Give the listing back in full, exactly as written, with the pictures removed.

### SUPPLIED DATA
--- START ---
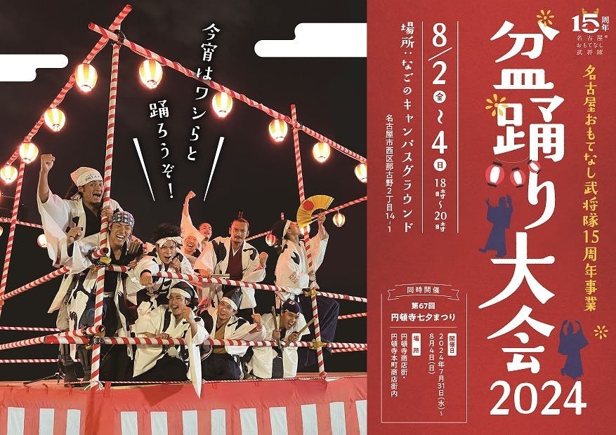 さらに昨年からは円頓寺商店街の「円頓寺七夕まつり」の開催中に「名古屋おもてなし武将隊 盆踊り大会」を開催することにより、街全体で大いに楽しめる盆踊り大会に進化を遂げた
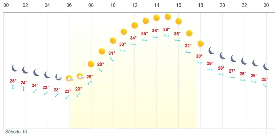 De acuerdo con el Servicio Meteorológico Nacional (SMN), se prevé que la temperatura máxima alcance los 36 grados Celsius alrededor del mediodía, mientras que la temperatura mínima rondará los 22 grados Celsius durante la noche. No se prevén lluvias, y el cielo se mantendrá despejado en la mayor parte del día, con condiciones estables y sin cambios significativos.
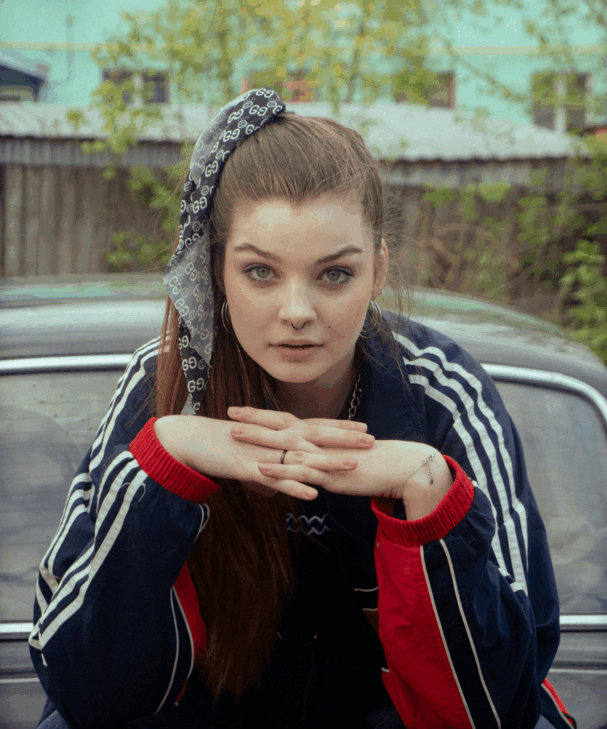 There’s so much to love here, from the sporty windbreaker to that high side ponytail with a logo printed ribbon…it’s giving pure 90s attitude. The bold stripes, the red accents, and the confident pose make this look feel like a mix between streetwear and vintage track star, and I’m obsessed with how strong it feels.
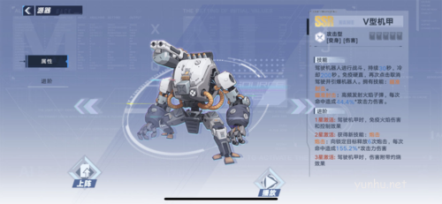 V型机甲拥有持续攻击的能力,他的机枪是火属性攻击,遇到弱火的怪物时有着奇效,高频率的射击与不俗的火属性伤害很容易让弱火怪招架不住,随着星级的提升免控,获得新技能增加输出能力,v型机甲虽然强大但是只针对弱火怪物,并且机甲行动缓慢,需要在安全的距离与环境下使用。
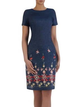 Sukienka damska Klarens XIV, wiosenna kreacja w wyszczuplającym wzorze.
--- END ---
### EXERCISE RESULT
 さらに昨年からは円頓寺商店街の「円頓寺七夕まつり」の開催中に「名古屋おもてなし武将隊 盆踊り大会」を開催することにより、街全体で大いに楽しめる盆踊り大会に進化を遂げた
 De acuerdo con el Servicio Meteorológico Nacional (SMN), se prevé que la temperatura máxima alcance los 36 grados Celsius alrededor del mediodía, mientras que la temperatura mínima rondará los 22 grados Celsius durante la noche. No se prevén lluvias, y el cielo se mantendrá despejado en la mayor parte del día, con condiciones estables y sin cambios significativos.
 There’s so much to love here, from the sporty windbreaker to that high side ponytail with a logo printed ribbon…it’s giving pure 90s attitude. The bold stripes, the red accents, and the confident pose make this look feel like a mix between streetwear and vintage track star, and I’m obsessed with how strong it feels.
 V型机甲拥有持续攻击的能力,他的机枪是火属性攻击,遇到弱火的怪物时有着奇效,高频率的射击与不俗的火属性伤害很容易让弱火怪招架不住,随着星级的提升免控,获得新技能增加输出能力,v型机甲虽然强大但是只针对弱火怪物,并且机甲行动缓慢,需要在安全的距离与环境下使用。
 Sukienka damska Klarens XIV, wiosenna kreacja w wyszczuplającym wzorze.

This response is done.